The role of golden shares in the Chinese government’s crackdown on its tech industry has recently received considerable foreign media attention. Late 2020 marked the beginning of a crackdown on China’s Big Tech out of concern that it was gaining too much influence and the central government was losing its grip. Consequently, the government took measures to regulate the industry through antitrust investigations, new regulations on data security and privacy, and stricter regulations on online content, and ultimately took steps to acquire golden shares in some key companies.
What is a golden share?
A golden share is a symbolic one per cent equity share which grants the holder the power to appoint a director on the board, veto decisions, and have a more direct say over content issues. Typically, this one per cent share is directly owned by a specific entity, which is, in turn, controlled by government-backed companies or funds. This measure reaffirms the government’s ability to strengthen oversight and ensure compliance with data security laws and alignment with the state’s agenda. While Guo Shuqing, chairman of China’s Banking and Insurance Regulatory Commission and member of the Party Committee of the People’s Bank of China, officially announced the end of the crackdown in early 2023, analysts maintain that increased state monitoring and oversight on tech companies is here to stay. As an example of a golden share acquired to exert government influence, let’s take Sina Weibo’s parent company, Beijing Weimeng Chuangke Network Technology Co., Ltd. The golden share in Weimeng Chuangke was acquired after Sina Weibo, one of the largest social media platforms in China, was impacted by a series of new regulations on online content that required social media platforms to take greater responsibility for the content posted by their users and to censor content more strictly in 2021. This led to the company being fined for allowing inappropriate content to be posted on its platform, with other restrictions on its services following soon after. A golden share acquisition by Wangtou Tongda (Beijing) Technology Co., Ltd, which is owned by multiple government entities and state-owned enterprises, allows the central government to leverage Party-State interests in influential companies while only acquiring a marginal 1% share.

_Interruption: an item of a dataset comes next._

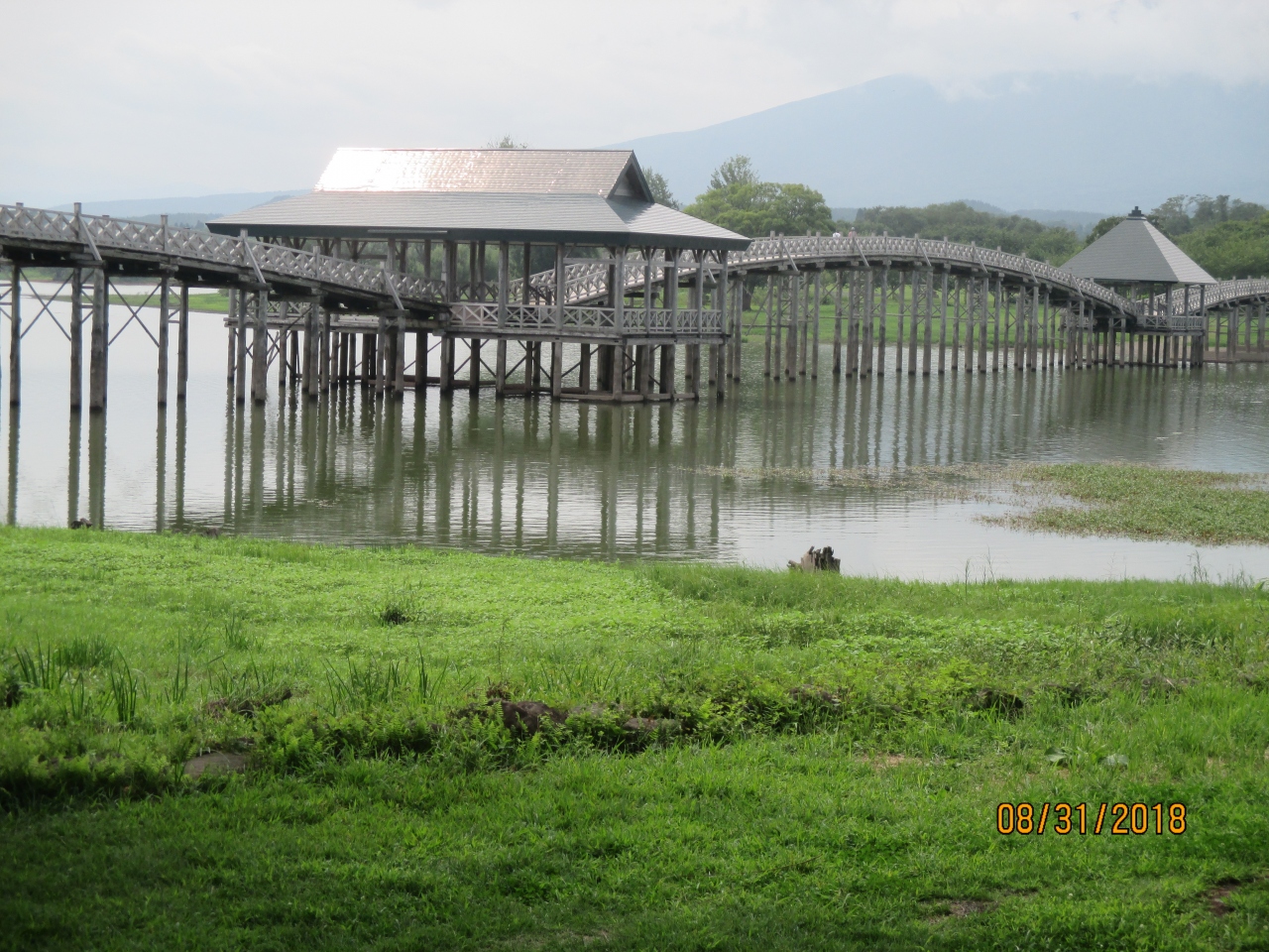 樹齢150年の青森県産「ひば」で造られ、直径が30cmあるという一連の橋桁が、曇り空で白い湖面に映し出されていました。天気が良ければ、青い湖面に津軽富士・岩木山が映し出されるはずですが、今日はあいにくの曇り空で見えませんでした。

Government entities may directly or indirectly hold such a golden share in tech companies. Identifying a golden shareholder may give analysts a crucial insight by exposing the Chinese government’s concerns and recognising Party-State interests the government may want to exert on its influential sector. While the tech industry continues to grow rapidly and becomes more vital to China’s economy, it will also continue to pose significant challenges to the government’s control and authority. The government’s efforts to regulate and control the tech industry are driven by its desire to balance the market-based benefits of technological innovation with its need to maintain political stability and control. This being said, the challenge of regulating online content and big tech is not unique to China. Governments worldwide are working on similar questions. The use of ‘golden shares’ to exert influence over domestic tech companies is just one example of how the Chinese government shapes its complex relationship with technology.